Finally, one last question that is not a would-you-rather. Once you’ve answered this and the rest of the questions, you can press the I'm Finished! button to submit your responses.

  1. Rate your fear of heights from (1) not at all afraid to (10) very afraid.

Check out the results so far.

Are Your Responses Correlated?

Next in the lesson, I move on to asking whether you think some of the survey responses are correlated. For example, if you scored “low” on the veterinarian-or-musician scale—meaning you would strongly prefer to be a veterinarian over a musician—would that indicate that you probably also scored “low” on Question (c) about talking to animals or speaking all the languages? In other words, are those two scores correlated? What about choosing the ability to fly and your fear of heights? Are those correlated? How could we measure this using a lot of responses from a lot of different people?

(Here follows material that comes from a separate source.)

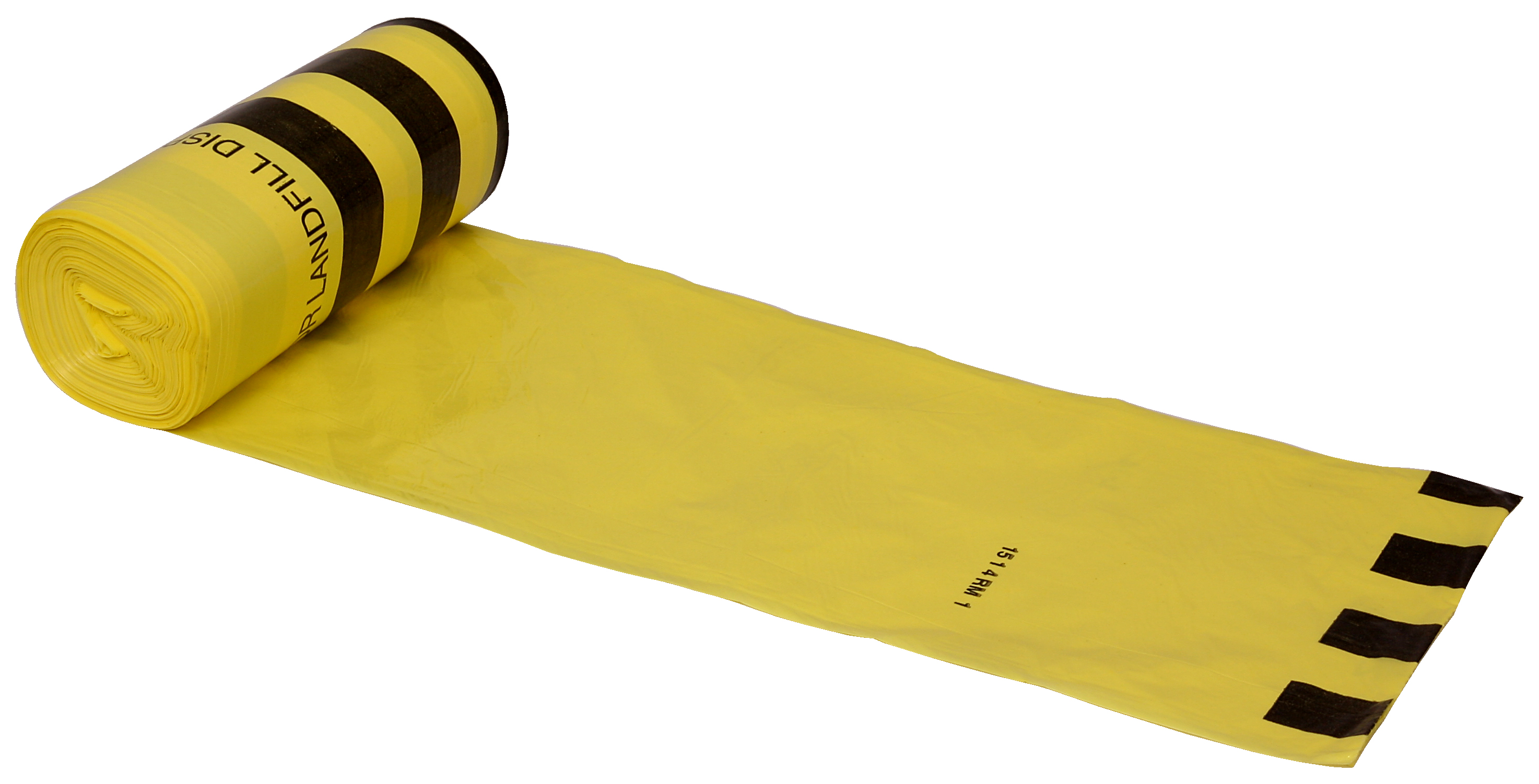 Medium-strength clinical waste sacks from Andarta. Yellow tiger striped design so easily identifiable, ideal for keeping particularly hazardous waste distinct and separate. This product features a star weld seal on all of the gusseted sacks and has 25 sacks per roll. Made from 100% recycled polythene taken from post-consumer waste. A superior tear and puncture resistant bag designed to stretch rather than tear. Fantastic value for money, great quality and at a price that doesn't cost the earth.

An ingenious way of looking at this question is by using cosine similarity from linear algebra. (We looked at the cosine of the angle between two vectors here and here.)

For example, suppose you really would rather have the ability to fly and you have almost no fear of heights. So, you answered Question (a) with a 1 and Question (f) with, say, a 2. Another person has no desire to fly and a terrible fear of heights, so they answer Question (a) with an 8 and Question (f) with a (10). From this description, we would probably guess that the two quantities wish-for-flight and fear-of-heights are strongly correlated. But we’ve also now got the vectors (1, 2) and (8, 10) to show us this correlation.

See that tiny angle between the vectors on the left? The cosine of tiny angles (as we saw) is close to 1, which indicates a strong correlation. On the right, you see the opposite idea. One person really wants to fly but is totally afraid of heights (1, 10) and another almost couldn’t care less about flying (or at least would really rather read minds) but has a low fear of heights (8, 2). The cosine of the close-to-90°-angle between these vectors will be close to 0, indicating a weak correlation between responses to our flight and heights questions.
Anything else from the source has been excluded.